I'm going to share a story today of one of my journeys with a team who is trying to get to continuous delivery. And I've worked with quite a few people over the last couple of years to develop some of this material.
I've been lucky to work mostly on small cross functional teams where we all pitched in on all those activities along that DevOps infinite loop for the past 20 years. And I've also been lucky to partner up with Janet Gregory to write some books about testing and Agile Development and also create video courses of live courses that can be offered in person or virtually. I've also done a course on Test Automation,DevOps for Tests Automation University. If you haven't checked out Test Automation University yet it's all free content wonderful stuff.
If you're interested in the course Janet and I provide, you can go to agiletestingfellow.com and check that out.
I work remotely for OutSystems which is my team is based in Portugal. I am in Vermont on my farm with my donkeys. So, in my spare time, I do a lot of driving and hiking with the donkeys.
I'd like to share some of my team's experiences in learning how to build quality into our products and be able to fit all the testing activities and to succeed with delivering small changes to production frequently at a sustainable pace which is really the very definition of continuous delivery. Now, in my experience, you learn more from failure than from success and so today I'm going to talk about a team that I was on a few years ago - that for several years anybody would call this high performing team.
Lots of awesome people on our team. Pairing a hundred percent of the time, doing test driven development, embracing all of the extreme programming practices, automating tests at all levels.
There was really a great culture of quality. Quality was highly valued.

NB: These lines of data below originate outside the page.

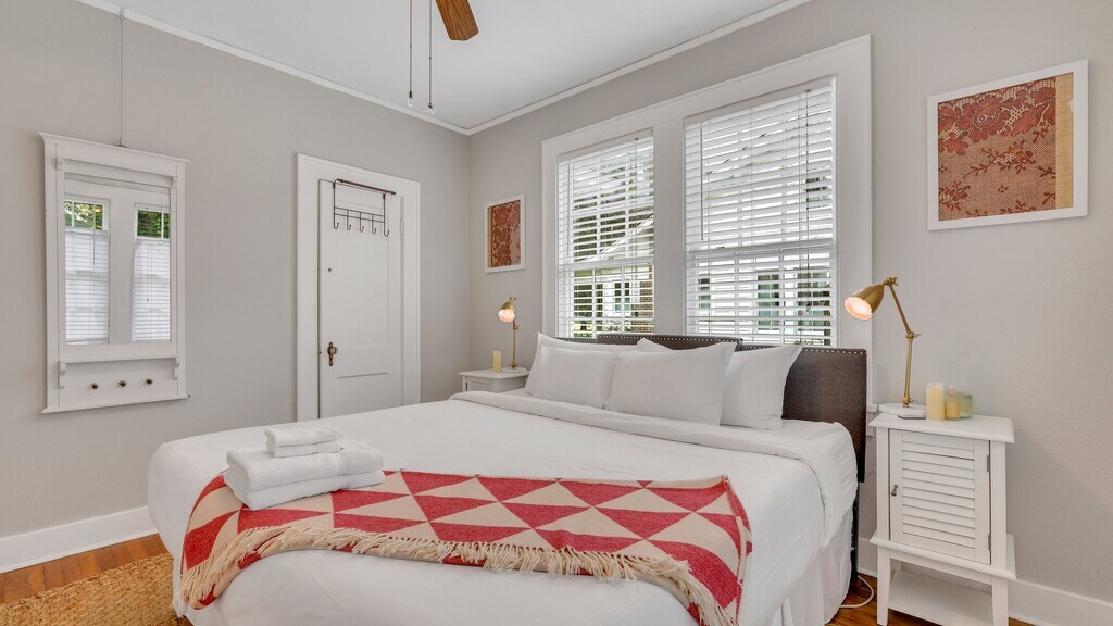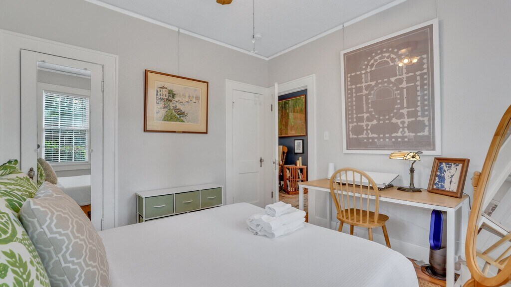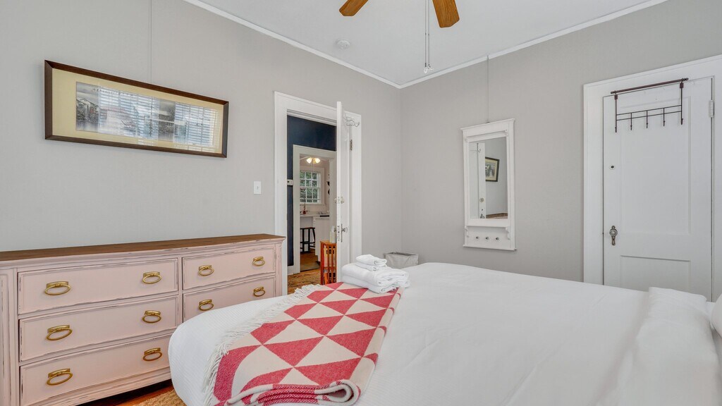 *This home is available for guests looking for a 31+ night rental. Specific pricing is available upon request. Monthly rates range from $3,000-$4,500/month and final rates are based on season and length of stay. Fully furnished- utilities/internet included. * Welcome to Daffin Park Bungalow, nestled along the prestigious and tree-lined Washington Avenue, right at the edge of the picturesque Daffin Park. Indulge in the tranquility of this exceptional executive rental, boasting an awe-inspiring view of the park's verdant expanse and a chance to relish in all the recreational opportunities it presents. Step into this timeless Savannah bungalow that has been meticulously rejuvenated to offer you the epitome of comfort and convenience. As you enter, you'll be greeted by a flood of natural light that beautifully illuminates the interior, accentuating the charm of the freshly refinished hardwood floors. The heart of the bungalow is the inviting gathering room situated at the front of the house. Thoughtfully adorned with ample, plush seating, it provides an ideal space for your entire group to unwind and enjoy cherished movies and shows together. Adjacent to this is the formal dining room, setting the stage for intimate dinners after crafting culinary delights in the tastefully remodeled kitchen. The kitchen, a culinary enthusiast's haven, is conveniently located just off the formal dining area. Boasting modern stainless steel appliances, sleek quartz countertops, and an abundance of prep space, it invites you to unleash your culinary creativity. On the opposite side of the bungalow, a well-appointed bathroom awaits, complete with a relaxing tub shower combination. This bathroom is shared between the two bedrooms, each thoughtfully designed to ensure your comfort. The first bedroom features a king-sized bed and ample storage solutions, ensuring you have a restful stay. The second bedroom is adorned with a cozy queen-sized bed and generous closet space, offering both comfort and convenience. For those seeking serenity, the sunroom beckons. Enclosed by captivating floor-to-ceiling windows, it provides an enchanting setting for your morning coffee rituals or leisurely afternoon reads, all while soaking in the surrounding beauty. Venturing outdoors, guests will discover a charming bistro set adorning the patio an ideal spot to savor evening wine moments. Overlooking the expansive, fully fenced backyard, the patio offers a delightful vantage point to appreciate the outdoors. Conveniently positioned within walking distance to the Savannah Banana's Games, you'll even catch glimpses of vibrant fireworks right from your front yard. Should you wish to explore further, a short drive of less than 5 minutes will transport you to a range of amenities including Whole Foods, Target, cinemas, and an array of enticing attractions. Experience the allure of the Daffin Park Bungalow, where modern comfort harmoniously blends with classic charm to create an unforgettable Savannah getaway. Book your stay now and embrace the allure of this exceptional retreat that promises relaxation, convenience, and cherished memories. Sleeping Configuration: Bedroom 1: King Bed Bedroom 2: Queen Bed What is parking like for this home? Guests will have access to off-street private parking. *Dogs are allowed upon review and approval* We ask that you find other arrangements for cats, birds, and other furry friends. There is a $250 pet fee (non-refundable) with a 35 lb. maximum weight limit per dog and a limit of 2 dogs per reservation. Some homes may allow larger dogs, please inquire for more information.
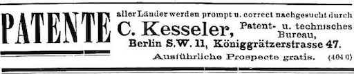 | 01.07.1877 | Eröffnung eines Patent- und Technischen Bureaus von Civil-Ingenieur und Patentanwalt C. Kesseler |
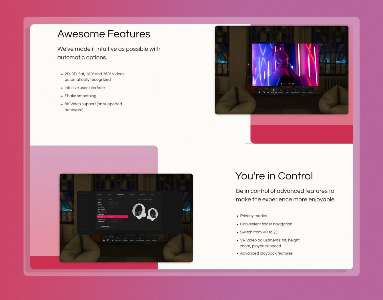 Создали с нуля видеоплеер для виртуальной реальности, который поддерживает 180º и 360º видео. Он легко интегрируется и обеспечивает высокое качество воспроизведения.

Testing was highly valued and as we got the infrastructure in place and we're able to move our application to be hosted in the Cloud and get all our deployment pipelines going in the Cloud, having a blue-green deploy where we could have two production instances and easily flipped between them so that we had more safety nets when we deployed to production.
The managers wanted to start trying to deploy more often at the time. We were deploying just once every two weeks, I think and sometimes that wasn't always going well. For various reasons, it was a really complex code base, a single page application with JavaScript and Ruby On Rails in the background and being able to support lots of concurrent users. There's a lot of business logic in the UI. It was a pretty tough nut for automated regression tests and other things.
Let's try releasing twice a week that we have smaller changes. They'd be less risky. We can easily revert our deploys now and that sounded really good but I was kind of worried given that I knew our history as some of the problems we had but we did forge ahead.
We had literally thousands and thousands of automated regression tests at all levels. However, we still had a checklist of manual release regression checks that we were supposed to do before every deploy-to-production. Of course, the two testers on the team out of 25 or 30 developers always ended up getting stuck with this manual regression checking and I don't know if you've ever gone through a checklist like that but as you're doing it, you start to notice things. "Oh, that doesn't look right now. I have to go look and see if that's already on production or if it's a new bug."
Usually the things we found had nothing to do with the checklist itself but other things that nobody had noticed, and it was a huge time suck. And of course, if we found something, we had to stop everything, get that fixed redeploy, start all over. It was terrible and we had no time for really important human-centric testing activities like exploratory testing. We're really starting to get into trouble and we were, in fact, not deploying every twice.
We were really having problems even deploying once a week or every two weeks still. Kind of a mess. But this is a great team and we were really good at reflecting on our problems together and retrospectives and experimenting with ways to fix those problems.
We decided the biggest problem, because we're having a lot of problems in our release candidates that sometimes they were even getting out of production and that was because we were not doing enough exploratory testing. Having the automated regression checks was nice but it doesn't really test your new changes and obviously, having two testers for that many developers were scaling.
One of the actions that we first did was we tested her and said, "You know what, we're not doing this manual regression checking anymore. That's out." Because nobody else wants to do it. We don't want to do it anymore. Guess what?
After we did that, no problems ever happened that would have been found on that checklist, just saying. The development managers realize how important the exploratory testing was and so they actually added exploratory testing skills to the skills matrix for developers, so that in order to proceed their career path, they had to become competent at different exploratory testing skills and then they ask them as testers to have workshops and teach the whole team including developers, product owners, customer support, designers, everybody how to do exploratory testing.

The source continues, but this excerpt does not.